(Exercise materials Opens)

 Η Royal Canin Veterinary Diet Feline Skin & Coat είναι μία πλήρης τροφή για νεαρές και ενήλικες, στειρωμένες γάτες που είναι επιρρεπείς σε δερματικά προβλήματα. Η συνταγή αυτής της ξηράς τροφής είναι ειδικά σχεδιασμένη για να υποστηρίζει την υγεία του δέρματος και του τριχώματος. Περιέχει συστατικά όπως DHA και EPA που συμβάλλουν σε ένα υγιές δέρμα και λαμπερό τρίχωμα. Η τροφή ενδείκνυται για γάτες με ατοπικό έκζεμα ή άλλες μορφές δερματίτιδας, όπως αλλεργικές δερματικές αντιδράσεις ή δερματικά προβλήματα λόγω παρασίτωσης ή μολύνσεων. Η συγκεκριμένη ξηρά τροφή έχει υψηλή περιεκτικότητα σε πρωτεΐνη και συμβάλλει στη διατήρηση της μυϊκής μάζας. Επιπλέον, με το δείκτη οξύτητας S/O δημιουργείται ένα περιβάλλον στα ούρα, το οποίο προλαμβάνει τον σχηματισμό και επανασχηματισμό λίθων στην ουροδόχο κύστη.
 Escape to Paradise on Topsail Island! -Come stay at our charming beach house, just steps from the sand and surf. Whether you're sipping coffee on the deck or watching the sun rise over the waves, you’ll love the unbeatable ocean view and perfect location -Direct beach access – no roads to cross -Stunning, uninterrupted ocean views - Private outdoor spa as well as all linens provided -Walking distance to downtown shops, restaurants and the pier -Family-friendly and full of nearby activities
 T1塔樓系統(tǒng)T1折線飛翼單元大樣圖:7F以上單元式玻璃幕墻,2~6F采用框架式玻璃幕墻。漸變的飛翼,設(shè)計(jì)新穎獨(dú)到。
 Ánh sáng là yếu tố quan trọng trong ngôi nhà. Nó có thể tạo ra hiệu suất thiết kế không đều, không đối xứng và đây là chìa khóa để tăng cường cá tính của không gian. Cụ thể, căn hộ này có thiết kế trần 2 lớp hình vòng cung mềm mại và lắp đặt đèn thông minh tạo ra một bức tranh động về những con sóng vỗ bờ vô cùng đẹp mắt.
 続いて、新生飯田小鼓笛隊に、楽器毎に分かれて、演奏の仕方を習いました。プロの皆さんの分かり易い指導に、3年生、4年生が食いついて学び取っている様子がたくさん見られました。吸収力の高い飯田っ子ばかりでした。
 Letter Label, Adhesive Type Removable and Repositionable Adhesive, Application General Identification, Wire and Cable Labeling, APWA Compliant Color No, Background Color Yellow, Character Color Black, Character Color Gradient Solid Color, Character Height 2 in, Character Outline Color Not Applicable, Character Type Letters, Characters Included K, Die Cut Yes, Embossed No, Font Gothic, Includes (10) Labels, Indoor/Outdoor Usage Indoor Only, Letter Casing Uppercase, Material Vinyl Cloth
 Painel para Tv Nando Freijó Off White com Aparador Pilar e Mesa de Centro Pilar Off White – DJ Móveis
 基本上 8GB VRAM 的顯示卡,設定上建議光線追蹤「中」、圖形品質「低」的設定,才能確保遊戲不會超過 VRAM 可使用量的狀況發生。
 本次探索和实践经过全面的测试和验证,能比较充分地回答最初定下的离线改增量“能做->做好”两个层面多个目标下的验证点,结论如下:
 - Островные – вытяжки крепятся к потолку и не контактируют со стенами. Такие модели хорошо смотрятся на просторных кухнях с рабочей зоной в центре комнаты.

(Exercise materials Closes)

Assigned task: Return exactly, and only, the lines above starting at the line that contains "Escape to Paradise" and ending at the line that contains "本次探索和实践经过全面的测试".

Response to the exercise:
 Escape to Paradise on Topsail Island! -Come stay at our charming beach house, just steps from the sand and surf. Whether you're sipping coffee on the deck or watching the sun rise over the waves, you’ll love the unbeatable ocean view and perfect location -Direct beach access – no roads to cross -Stunning, uninterrupted ocean views - Private outdoor spa as well as all linens provided -Walking distance to downtown shops, restaurants and the pier -Family-friendly and full of nearby activities
 T1塔樓系統(tǒng)T1折線飛翼單元大樣圖:7F以上單元式玻璃幕墻,2~6F采用框架式玻璃幕墻。漸變的飛翼,設(shè)計(jì)新穎獨(dú)到。
 Ánh sáng là yếu tố quan trọng trong ngôi nhà. Nó có thể tạo ra hiệu suất thiết kế không đều, không đối xứng và đây là chìa khóa để tăng cường cá tính của không gian. Cụ thể, căn hộ này có thiết kế trần 2 lớp hình vòng cung mềm mại và lắp đặt đèn thông minh tạo ra một bức tranh động về những con sóng vỗ bờ vô cùng đẹp mắt.
 続いて、新生飯田小鼓笛隊に、楽器毎に分かれて、演奏の仕方を習いました。プロの皆さんの分かり易い指導に、3年生、4年生が食いついて学び取っている様子がたくさん見られました。吸収力の高い飯田っ子ばかりでした。
 Letter Label, Adhesive Type Removable and Repositionable Adhesive, Application General Identification, Wire and Cable Labeling, APWA Compliant Color No, Background Color Yellow, Character Color Black, Character Color Gradient Solid Color, Character Height 2 in, Character Outline Color Not Applicable, Character Type Letters, Characters Included K, Die Cut Yes, Embossed No, Font Gothic, Includes (10) Labels, Indoor/Outdoor Usage Indoor Only, Letter Casing Uppercase, Material Vinyl Cloth
 Painel para Tv Nando Freijó Off White com Aparador Pilar e Mesa de Centro Pilar Off White – DJ Móveis
 基本上 8GB VRAM 的顯示卡,設定上建議光線追蹤「中」、圖形品質「低」的設定,才能確保遊戲不會超過 VRAM 可使用量的狀況發生。
 本次探索和实践经过全面的测试和验证,能比较充分地回答最初定下的离线改增量“能做->做好”两个层面多个目标下的验证点,结论如下:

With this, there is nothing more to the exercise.